Exploring Emergent "Self-Awareness" in Claude 3.5

blixt · 2025-01-07T11:02:51 1736247771

Amanda Askell at Anthropic works on Claude's personality and shows off how it's been finetuned to have certain qualities that makes it seem more relatable with a personality. It's important to remember that a lot of this behavior being different from other models is to a large degree designed by hand, though I'm sure when we get deeper into using RL for LLM reasoning this could truly become emergent, at least for more creative types of reasoning.

I like this thread of tweets from Amanda on the intrinsic humor of Claude: https://x.com/AmandaAskell/status/1874873487355249151

soco · 2025-01-07T11:08:23 1736248103

Why are we so fascinated by all this "self awareness"? Because we think we are self aware, so that will make Claude human? We already deny humanity to animals which are very much self aware, so what's now the big deal? And also why the surprise, when we basically programmed Claude to mimic self awareness, that it mimics now self awareness?

Al-Khwarizmi · 2025-01-07T11:25:12 1736249112

I think it's relevant because if LLMs are found to be self-aware, this would raise serious ethical issues. These issues are also acknowledged with animals. We deny them humanity but some animals do have some rights (animal cruelty laws are a thing) and many people think they should have more.

soco · 2025-01-07T11:36:31 1736249791

I find difficult to prove something is self-aware when you know very well it was programmed to perfectly mimic self-awareness. Like, if I scream does it mean I'm in pain?

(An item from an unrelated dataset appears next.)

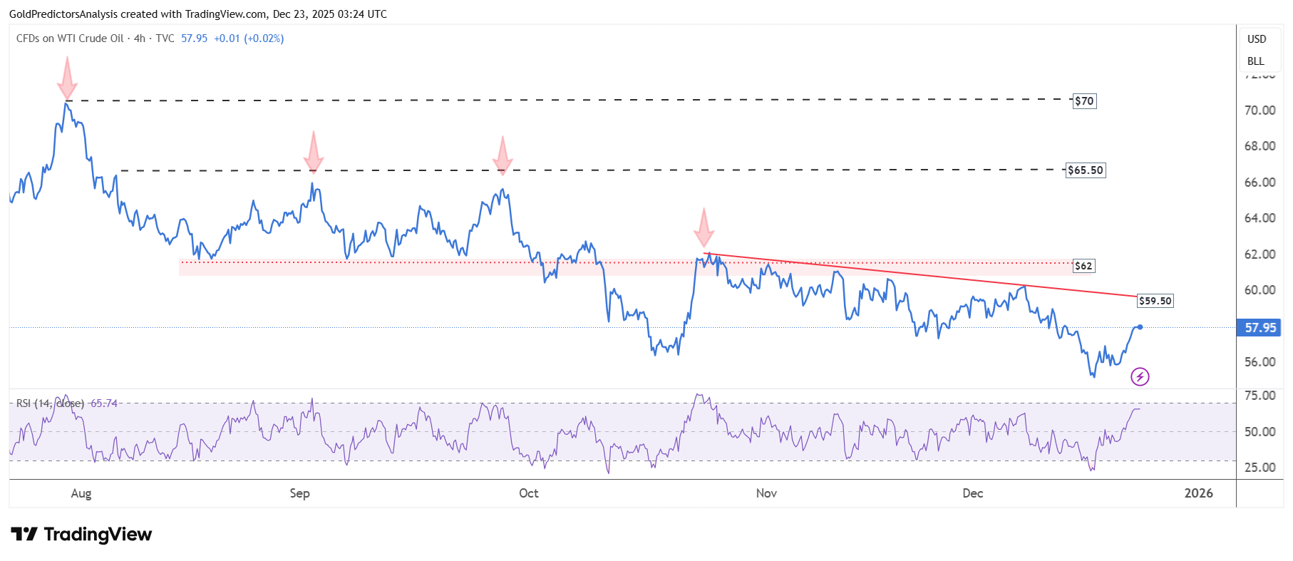 Biểu đồ khung 4 giờ của dầu thô WTI nhấn mạnh vùng kháng cự trước mắt tại 59.50 USD, được củng cố bởi đường xu hướng giảm (màu đỏ) kéo từ đỉnh ngày 24 tháng 10. Khi giá vẫn duy trì dưới 62 USD, động lượng bearish nhiều khả năng sẽ tiếp diễn. Việc giá phá vỡ xuống dưới 55 USD sẽ xác nhận áp lực bán mới và có thể kích hoạt một đợt suy giảm đáng kể của giá dầu.

Al-Khwarizmi · 2025-01-07T11:39:53 1736249993

Of course... I'm not saying it's easy. I personally have no idea how to even start (I suppose scholars that study consciousness will have more of a clue). I'm just saying I think it's very relevant.

rrgok · 2025-01-07T17:34:04 1736271244

I don't understand what animal rights has to do with self-awareness. It is not that painful death can be absolutely prevented with self-awareness. There are plenty of humans who die painfully, with or without self-awareness.

MathMonkeyMan · 2025-01-07T11:11:45 1736248305

It's like the sci-fi trope about "who has a soul." Write about something interesting instead!

throw310822 · 2025-01-07T11:19:52 1736248792

Can't wait until the Catholic church decides it's time to evangelize the LLMs.

MathMonkeyMan · 2025-01-07T19:24:31 1736277871

LLMs can do an impressive and heartwarming rendition of Jesus: <https://www.twitch.tv/ask_jesus>.

soco · 2025-01-07T11:32:07 1736249527

There's always a flock of people ready to believe in anything speaking to their own fears, and the one or other church would evangelize anything if the money is right. So, buckle up!

Over2Chars · 2025-01-07T15:42:22 1736264542

This is just shaping the actions of claude in a way that I'm 100% sure direct prompting could do, but would deprive us of claiming any "emergent" "self-aware" behavior, ergo it's shadow puppetry.

Even if it were able to engage in continuing action, it would be no more "self-directing" than the Morris Worm, that no one claimed was self-aware. It's just doing what it's programmed to do, only the programming is made less obviously directive, and credit is shifted to the computer system.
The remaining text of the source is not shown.